[TASK PROMPT]: Quote exactly, and only, the lines of the material below from the line with "This paper introduces" through the line with "O verbo drinsein".

(DATASET ENTRIES Opens)

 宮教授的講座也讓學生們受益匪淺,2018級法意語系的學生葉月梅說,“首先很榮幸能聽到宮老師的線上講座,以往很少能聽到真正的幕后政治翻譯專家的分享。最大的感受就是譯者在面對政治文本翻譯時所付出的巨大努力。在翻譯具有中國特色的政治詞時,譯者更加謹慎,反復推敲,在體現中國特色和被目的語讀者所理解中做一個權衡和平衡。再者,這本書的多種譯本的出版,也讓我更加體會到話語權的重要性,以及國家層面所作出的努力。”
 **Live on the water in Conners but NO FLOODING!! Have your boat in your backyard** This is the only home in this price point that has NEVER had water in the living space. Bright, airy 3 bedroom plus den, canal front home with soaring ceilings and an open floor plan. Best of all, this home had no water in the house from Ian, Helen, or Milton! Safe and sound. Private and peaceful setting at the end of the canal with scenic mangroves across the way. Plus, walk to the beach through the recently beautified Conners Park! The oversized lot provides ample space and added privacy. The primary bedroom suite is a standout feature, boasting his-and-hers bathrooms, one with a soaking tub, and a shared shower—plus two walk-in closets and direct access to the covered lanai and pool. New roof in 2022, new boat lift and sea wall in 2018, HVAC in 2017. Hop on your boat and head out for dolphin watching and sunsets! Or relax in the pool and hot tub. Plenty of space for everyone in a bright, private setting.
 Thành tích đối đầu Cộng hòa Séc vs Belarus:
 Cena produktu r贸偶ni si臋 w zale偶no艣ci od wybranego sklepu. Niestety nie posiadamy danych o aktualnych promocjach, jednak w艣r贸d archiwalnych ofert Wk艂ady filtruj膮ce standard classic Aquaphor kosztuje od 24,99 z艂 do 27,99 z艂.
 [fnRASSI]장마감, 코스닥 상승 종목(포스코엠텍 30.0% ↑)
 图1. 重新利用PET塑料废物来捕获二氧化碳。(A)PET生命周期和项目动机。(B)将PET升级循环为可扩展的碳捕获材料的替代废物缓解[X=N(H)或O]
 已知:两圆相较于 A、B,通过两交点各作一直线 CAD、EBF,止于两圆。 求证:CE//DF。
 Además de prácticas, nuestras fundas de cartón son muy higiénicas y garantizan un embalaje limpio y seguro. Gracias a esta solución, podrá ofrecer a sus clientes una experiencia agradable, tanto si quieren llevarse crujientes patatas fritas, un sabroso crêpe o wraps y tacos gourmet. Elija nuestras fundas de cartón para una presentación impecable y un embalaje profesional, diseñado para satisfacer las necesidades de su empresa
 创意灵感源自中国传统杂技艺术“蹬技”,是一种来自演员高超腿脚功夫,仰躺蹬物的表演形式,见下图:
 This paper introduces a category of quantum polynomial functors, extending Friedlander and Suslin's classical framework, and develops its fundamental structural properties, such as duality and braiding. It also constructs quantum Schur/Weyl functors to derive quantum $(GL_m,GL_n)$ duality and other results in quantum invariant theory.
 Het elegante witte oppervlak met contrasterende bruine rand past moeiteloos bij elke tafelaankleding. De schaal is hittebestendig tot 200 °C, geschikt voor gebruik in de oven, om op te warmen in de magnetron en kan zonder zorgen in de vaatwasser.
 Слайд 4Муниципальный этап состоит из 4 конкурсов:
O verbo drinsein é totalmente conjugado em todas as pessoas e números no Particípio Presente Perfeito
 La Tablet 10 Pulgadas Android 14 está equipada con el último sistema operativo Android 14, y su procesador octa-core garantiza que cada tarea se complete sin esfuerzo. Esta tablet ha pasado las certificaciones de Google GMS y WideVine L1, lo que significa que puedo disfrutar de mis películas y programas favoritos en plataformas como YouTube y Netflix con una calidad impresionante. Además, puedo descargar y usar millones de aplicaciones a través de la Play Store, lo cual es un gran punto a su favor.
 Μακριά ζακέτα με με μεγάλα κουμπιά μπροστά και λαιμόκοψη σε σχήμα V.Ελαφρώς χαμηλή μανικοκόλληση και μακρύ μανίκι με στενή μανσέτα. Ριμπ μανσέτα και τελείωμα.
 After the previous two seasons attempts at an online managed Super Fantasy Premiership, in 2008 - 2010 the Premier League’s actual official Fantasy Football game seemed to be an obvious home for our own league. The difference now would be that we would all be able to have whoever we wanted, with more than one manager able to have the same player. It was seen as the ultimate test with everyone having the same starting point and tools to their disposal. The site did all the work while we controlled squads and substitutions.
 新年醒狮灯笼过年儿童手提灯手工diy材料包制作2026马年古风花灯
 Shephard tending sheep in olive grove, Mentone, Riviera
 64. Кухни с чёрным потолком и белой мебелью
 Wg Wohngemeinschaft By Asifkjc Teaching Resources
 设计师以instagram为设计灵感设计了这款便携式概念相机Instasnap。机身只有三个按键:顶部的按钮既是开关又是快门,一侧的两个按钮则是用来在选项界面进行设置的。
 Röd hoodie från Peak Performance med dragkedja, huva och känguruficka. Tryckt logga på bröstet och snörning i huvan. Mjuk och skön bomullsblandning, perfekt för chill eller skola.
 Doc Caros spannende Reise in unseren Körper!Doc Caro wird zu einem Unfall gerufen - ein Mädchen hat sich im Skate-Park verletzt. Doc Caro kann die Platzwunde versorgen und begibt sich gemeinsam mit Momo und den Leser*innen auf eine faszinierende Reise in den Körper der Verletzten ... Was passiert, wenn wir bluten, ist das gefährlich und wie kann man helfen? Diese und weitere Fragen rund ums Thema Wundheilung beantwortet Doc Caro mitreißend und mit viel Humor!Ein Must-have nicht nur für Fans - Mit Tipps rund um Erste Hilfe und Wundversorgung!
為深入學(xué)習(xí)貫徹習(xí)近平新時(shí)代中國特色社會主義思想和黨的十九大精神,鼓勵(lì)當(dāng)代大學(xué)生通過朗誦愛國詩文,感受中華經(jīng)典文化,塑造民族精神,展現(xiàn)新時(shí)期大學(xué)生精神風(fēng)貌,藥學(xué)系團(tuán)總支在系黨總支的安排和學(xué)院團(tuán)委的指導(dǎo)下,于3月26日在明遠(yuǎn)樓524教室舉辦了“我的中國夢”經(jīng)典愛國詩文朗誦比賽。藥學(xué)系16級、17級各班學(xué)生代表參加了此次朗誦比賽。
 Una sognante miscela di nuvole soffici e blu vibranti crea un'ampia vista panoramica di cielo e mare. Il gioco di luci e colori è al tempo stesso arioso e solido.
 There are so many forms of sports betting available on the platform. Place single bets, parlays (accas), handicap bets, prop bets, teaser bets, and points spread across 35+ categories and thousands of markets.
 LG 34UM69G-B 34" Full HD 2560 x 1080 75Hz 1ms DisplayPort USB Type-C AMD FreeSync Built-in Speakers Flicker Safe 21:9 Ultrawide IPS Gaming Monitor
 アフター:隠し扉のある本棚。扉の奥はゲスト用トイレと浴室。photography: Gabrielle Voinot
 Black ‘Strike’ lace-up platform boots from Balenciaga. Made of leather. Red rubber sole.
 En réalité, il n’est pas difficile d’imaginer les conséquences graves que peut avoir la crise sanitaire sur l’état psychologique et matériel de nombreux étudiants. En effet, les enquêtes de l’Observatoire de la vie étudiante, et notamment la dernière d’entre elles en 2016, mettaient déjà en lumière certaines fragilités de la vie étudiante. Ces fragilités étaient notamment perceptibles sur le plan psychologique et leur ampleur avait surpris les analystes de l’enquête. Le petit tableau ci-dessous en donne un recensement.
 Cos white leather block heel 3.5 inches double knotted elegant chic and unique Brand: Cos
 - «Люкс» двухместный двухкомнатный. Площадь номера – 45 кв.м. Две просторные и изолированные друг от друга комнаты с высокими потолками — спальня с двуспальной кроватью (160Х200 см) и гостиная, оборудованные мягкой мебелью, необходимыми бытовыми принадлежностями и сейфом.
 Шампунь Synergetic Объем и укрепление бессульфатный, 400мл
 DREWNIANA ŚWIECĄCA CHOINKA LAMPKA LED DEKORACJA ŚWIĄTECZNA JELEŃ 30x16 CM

(DATASET ENTRIES Closes)

[EXPECTED ANSWER]:
 This paper introduces a category of quantum polynomial functors, extending Friedlander and Suslin's classical framework, and develops its fundamental structural properties, such as duality and braiding. It also constructs quantum Schur/Weyl functors to derive quantum $(GL_m,GL_n)$ duality and other results in quantum invariant theory.
 Het elegante witte oppervlak met contrasterende bruine rand past moeiteloos bij elke tafelaankleding. De schaal is hittebestendig tot 200 °C, geschikt voor gebruik in de oven, om op te warmen in de magnetron en kan zonder zorgen in de vaatwasser.
 Слайд 4Муниципальный этап состоит из 4 конкурсов:
O verbo drinsein é totalmente conjugado em todas as pessoas e números no Particípio Presente Perfeito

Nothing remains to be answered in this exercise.